About this task: What you return must be exactly the lines from the beginning of the material through the line containing "Você sabia que", both included, and no pictures.

Stored data:

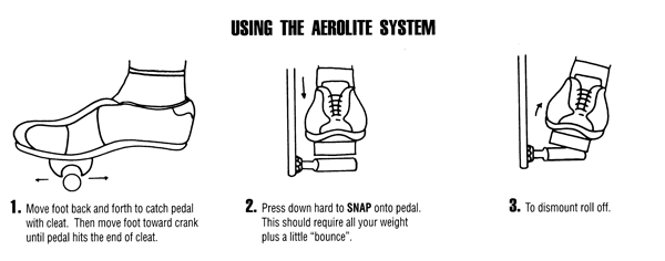 The cleat is designed of DuPont Zytel® ST nylon and is formed to wrap around the pedal with a maximum of 1320 pounds of tension to keep you attached to the pedal until you are ready to get out. When you want out, just lift the inside edge of your foot and you are out. The cleat can be mounted to most popular shoes, including the SPD floating mounts. Custom mounting is also available from AeroLite.
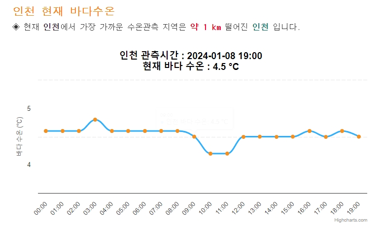 바다수온 정보도 제공되며, 특히 인천 지역의 바다수온은 다른 지역에 비해 차갑다는 특징이 있습니다.
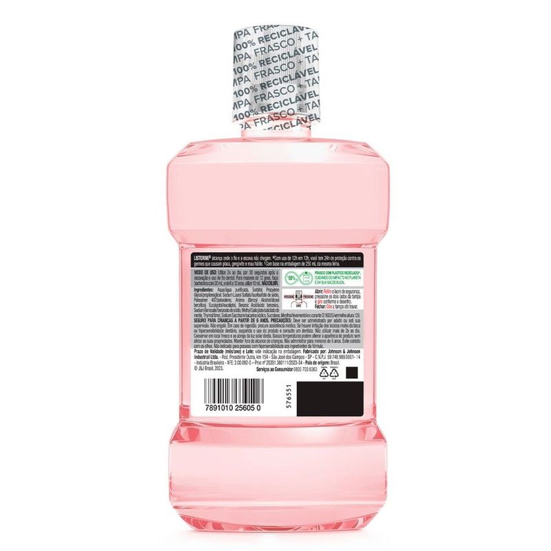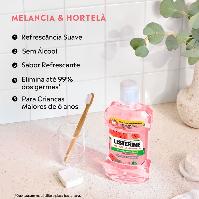 Você sabia que os dentes são apenas 25% da sua boca? Por isso, apenas a escovação não garante uma limpeza completa. Adicione LISTERINE® Melancia & Hortelã Enxaguante Bucal Sem Álcool, 500mL à sua rotina e limpe aonde a escova não alcança, eliminando até 99% dos germes* causadores de mau hálito, placa bacteriana e gengivite. Inclua LISTERINE® e limpe até 100% da sua boca. Benefícios e diferenciais - Refrescância Suave de Melancia & Hortelã - Sem álcool -Mais proteção contra mau-hálito, placa e gengivite*. *vs. somente escovação -Fórmula exclusiva com agentes antibacterianos -O enxaguante n°1 do mundo -Mata até 99,9% dos germes que causam os principais problemas bucais -Produto 100% reciclável (frasco e tampa) e feito com 50% de plástico reciclado -24 horas de proteção com o uso a cada 12 horas -Especialista em enxaguante bucal há mais de 140 anos
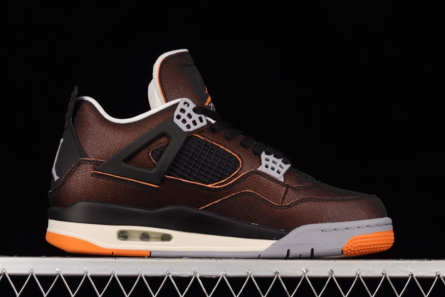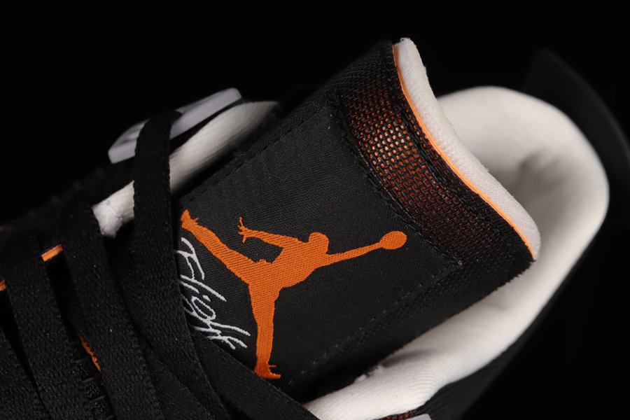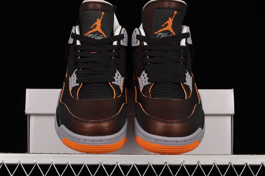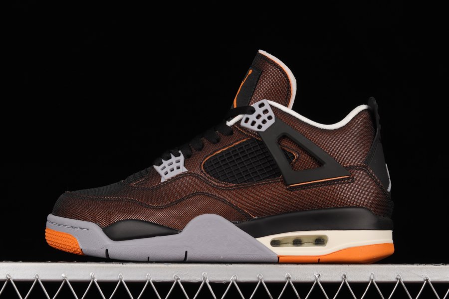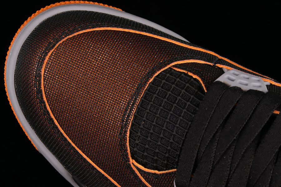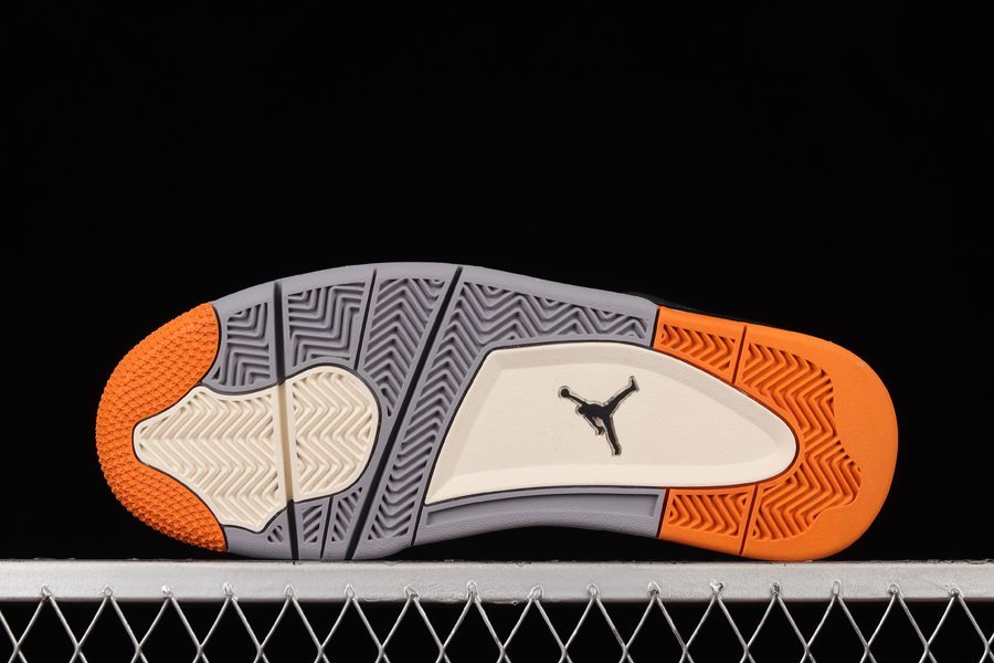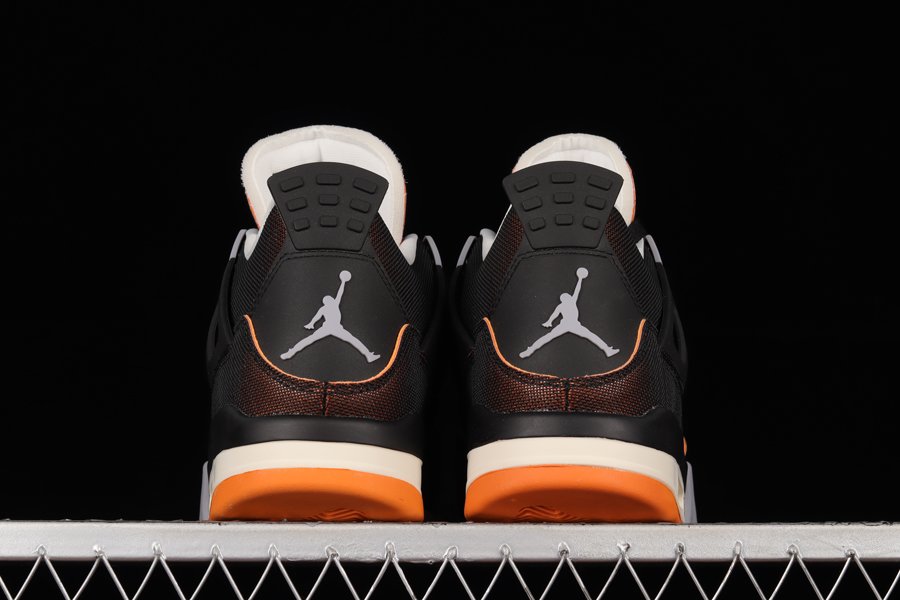 The Air Jordan 4 “Starfish is inspired by space exploration and the technical materials used in spacesuits. The upper is composed of black and Starfish Orange metallic mesh that is complemented by matte TPU heel tabs and wings. Black mesh netting on the quarter panel and tongue bottom lead up to a raw-edge construction on the tongue upper exposing the foam material underneath. Finally, pops of orange on the toe and heel of the rubber outsole top off the design.

Answer below:
 The cleat is designed of DuPont Zytel® ST nylon and is formed to wrap around the pedal with a maximum of 1320 pounds of tension to keep you attached to the pedal until you are ready to get out. When you want out, just lift the inside edge of your foot and you are out. The cleat can be mounted to most popular shoes, including the SPD floating mounts. Custom mounting is also available from AeroLite.
 바다수온 정보도 제공되며, 특히 인천 지역의 바다수온은 다른 지역에 비해 차갑다는 특징이 있습니다.
 Você sabia que os dentes são apenas 25% da sua boca? Por isso, apenas a escovação não garante uma limpeza completa. Adicione LISTERINE® Melancia & Hortelã Enxaguante Bucal Sem Álcool, 500mL à sua rotina e limpe aonde a escova não alcança, eliminando até 99% dos germes* causadores de mau hálito, placa bacteriana e gengivite. Inclua LISTERINE® e limpe até 100% da sua boca. Benefícios e diferenciais - Refrescância Suave de Melancia & Hortelã - Sem álcool -Mais proteção contra mau-hálito, placa e gengivite*. *vs. somente escovação -Fórmula exclusiva com agentes antibacterianos -O enxaguante n°1 do mundo -Mata até 99,9% dos germes que causam os principais problemas bucais -Produto 100% reciclável (frasco e tampa) e feito com 50% de plástico reciclado -24 horas de proteção com o uso a cada 12 horas -Especialista em enxaguante bucal há mais de 140 anos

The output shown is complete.